The trainers are only concerned with winning futurities and selling the young horse for a high price. Therefore, the horse never receives a proper training foundation (in the bomb proofing aspect) - which should include hobble training or some form of sacking out involving leg restraint.
The senior show horses, the ones that have been showing for 4 or 5 years or more - those are pretty bomb proof. They have been hauled to enough strange places and handled in enough strange cir***stances that they just take it all in stride. But let one of them get its foot tangled up in a piece of bailing twine out in the pasture or get a foot caught in the fence and see what happens. I know of two senior (>15 yrs old) horses that died this year due to this exact cir***stance. Both of them would have survived if they had been trained to hobble. Both of them were considered bomb proof in the show ring and on the trail.
After hearing about these horses I started to work on teaching my own green broke horse to yield its legs when somethig is wrapped around them. This is a horse that I am breaking myself. Right now I can lead him by wrapping a rope around any one of his legs and pulling. Actually we turned it into a fun game.
I have another green broke horse that my trainer started this spring. He doesn't lead with a rope wrapped around his leg, but he will not pull his leg away or panic either. I found out that my trainer had "sacked him out" on the rope around the leg . . . before he ever put him under saddle. 'nuther words, he spent a lot of time working on bomb proofing the horse before he climbed up on his back and rode him. He will also walk over a plastic bag or tarp. He will also cross water, jump or walk over a log, stand quietly while a deer crosses his path on the trail, and generally do anything that you would expect of a bomb proof horse.

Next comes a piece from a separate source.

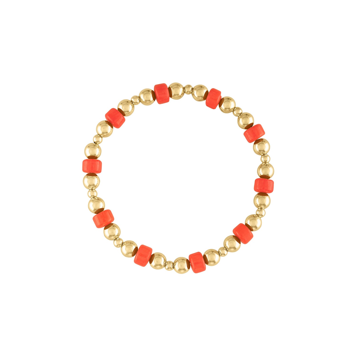 This Flora Coral Heishi Bracelet by Olivia Le is a bolder version of the mini Flora, designed to make a statement with larger beads. It features 3mm and 5mm gold-filled beads along with 6mm Coral Heishi Beads. The stretch design makes it comfortable and easy to wear. This bracelet is a beautiful blend of coral and gold, perfect for adding a pop of color and a sophisticated touch to your look.

The show trainers in this area don't expose a horse to any of those things when they "break a young horse for the show ring." All they see is the riding arena. In fact usually by the time the horse is 5 or 6 years old, they are ring sour. The trainers that do not destroy a young horse's spirit are far and few between in my neck of the woods.
OTOH, a lot of the english pony clubbers and hunt club horses appear to be pretty bomb proof. But again we are talking about youth mounts that have been around the block for over a decade.
I agree with you about the really good ones. But to be really good, they have to be really well trained. Unfortunately we have a lack of really good trainers in this area and a lot of pretenders.
Tom Bloomer
kclifton
10-17-2005, 02:36 PM
Thought I would post a follow up of the injury to my mare's hoof. She has shown no lameness since we put the first set of shoes on. she has been shod every 5-6 weeks since the injury occured. So far so good!
Hoof seems to be growing back quite smoothly.
I have added some pictures. The original injury, the hoof after cutting off the flap and the last pic is of the hoof right before the third shoeing.
No laminitis - however, we noticed that the right rear hoof was cracking on each side of the toe, the exact location where this hoof split and ripped upward - even with shoes.
We are in a drought - which is unusual here. All of our horses are showing up with more cracks and splits - even with regular trimming.